Along the way, she thought she realized what she wanted to do with her life. She thought she figured it out and finally, she could make it out of struggle. She held on to those words they say in church, you know those words like “weeping may endure for a night but joy comes in the morning” “I can do all things in Christ who strengthens me” “If God is for me who can stand against me”. Yes, those words of encouragement that are told because we love Jesus and we believe in His word.
But life happens in cycles and seasons, in Ecc. 3 it clearly states that there is a time for one thing to happen and a time for another. We live in these seasons of life that consist of “a time to plant and a time to uproot, a time to search and a time to give up, a time to mourn and a time to dance” (Ecc. 3 NIV paraphrase)
We are told about those great times and everyone wants to focus on those words like “joy”, “dance” “harvest” without realizing that there are words like “mourn”, “sow” “weeping” oh and that word “suffering” has to come beforehand.
So what I’m saying is that you have to go through something, learn something, or be transformed by a season before stepping into your next one. Oh, but we don’t focus on that part much, we’re taught to just believe, have hope, keep your eyes on the prize, fight through, keep pushing. And then life hits you dead in the face, breaks you to pieces, and you are left there once again trying to figure life out.
So back to the story, she goes on and gets her life together (so she thinks), a few years go by and everything seems to be peachy keen (until it’s not) and then here comes Jesus redirecting her path (gracefully) showing her how she hasn’t figured out what she wants to do with her life. Showing her how what she thought would be her career was not. It was just to put her in a building around other women to show her, her real purpose.

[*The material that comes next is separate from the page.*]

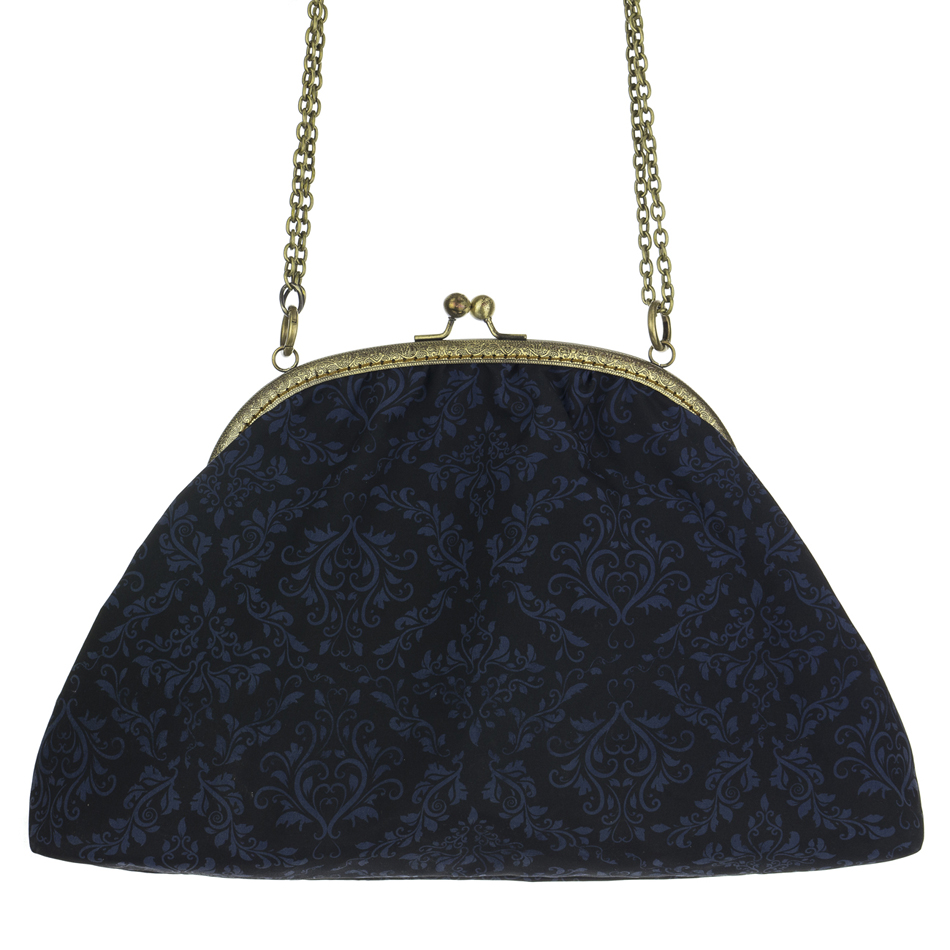 Αυτή είναι η Dafne's Bag από viscose τυπωμένη με μελάνια νερού*. Μια θηλυκή τσάντα που μπορεί να φορεθεί χιαστί και στον ώμο ρυθμίζοντας με τους ανοιγόμενους κρίκους το μήκος της αλυσίδας. Αφαιρώντας τελείως την αλυσίδα μπορεί να κρατηθεί και σαν clutch. Το κλείστρο της είναι ραμμένο βελονιά-βελονιά στο χέρι. Το ύψος της τσάντας είναι 22cm, το πλάτος στο κάτω μέρος 36cm και το άνοιγμα του κλείστρου είναι 25 cm.
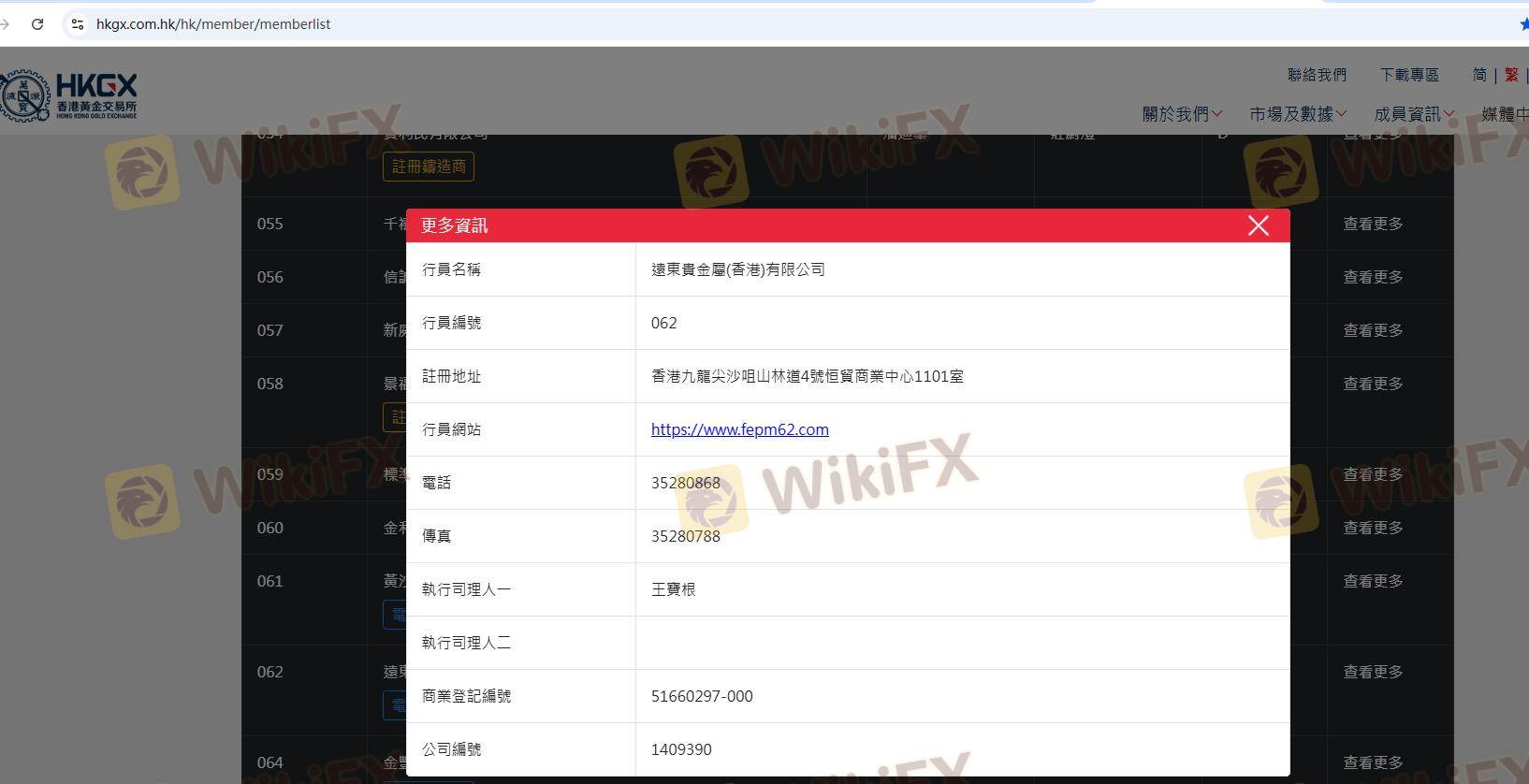 The regulatory status of a broker is a critical factor in determining its safety and legitimacy. FEPM claims to be regulated under the Hong Kong Gold Exchange (HK GX), holding a Type A1 license. Regulatory oversight is crucial as it ensures that brokers adhere to specific standards of conduct and operational transparency. Below is a summary of FEPM's regulatory information:

Oh, and while this was happening, her career and her relationship are falling apart and once again she is left with pieces as everything falls apart (again). She gets excited about knowing her purpose, she gets excited about getting this blog together to inspire and encourage women all over the world. But then life and finances happen again and once again here she is, in scattered pieces.
She listens to the encouraging words from others and wonders what is this all for? What is the point? She walks in her purpose but no one tells you that it’s a lonely road, no one tells you it may start off as a broke lifestyle for longer than you expect it to, no one tells you how draining it can be.
No one really glorifies the struggle of your purpose and tells you the pain and hurt that’s going to come to mold, shape you, and change you into the person you need to be to fulfill this purpose that is within you. The tears you are going to cry when you need your situation to change and nothing is changing around you. The emotional rollercoaster that is going on within yourself that you push down and subside so that you can put others issues in front of your own.
I want to blame it on the 5 ways to do this and the 10 ways to see a change that microwave society that we now live in. But no matter where it started, I’m over the fake and ready for the truth. I’m over the smoke and mirrors, the highlight reels, the carrots in front of my face, and the encouraging feel-good words that aren’t changing my life situation.
I love to encourage, that is who I am, but what happens when the encourager loses her encouragement?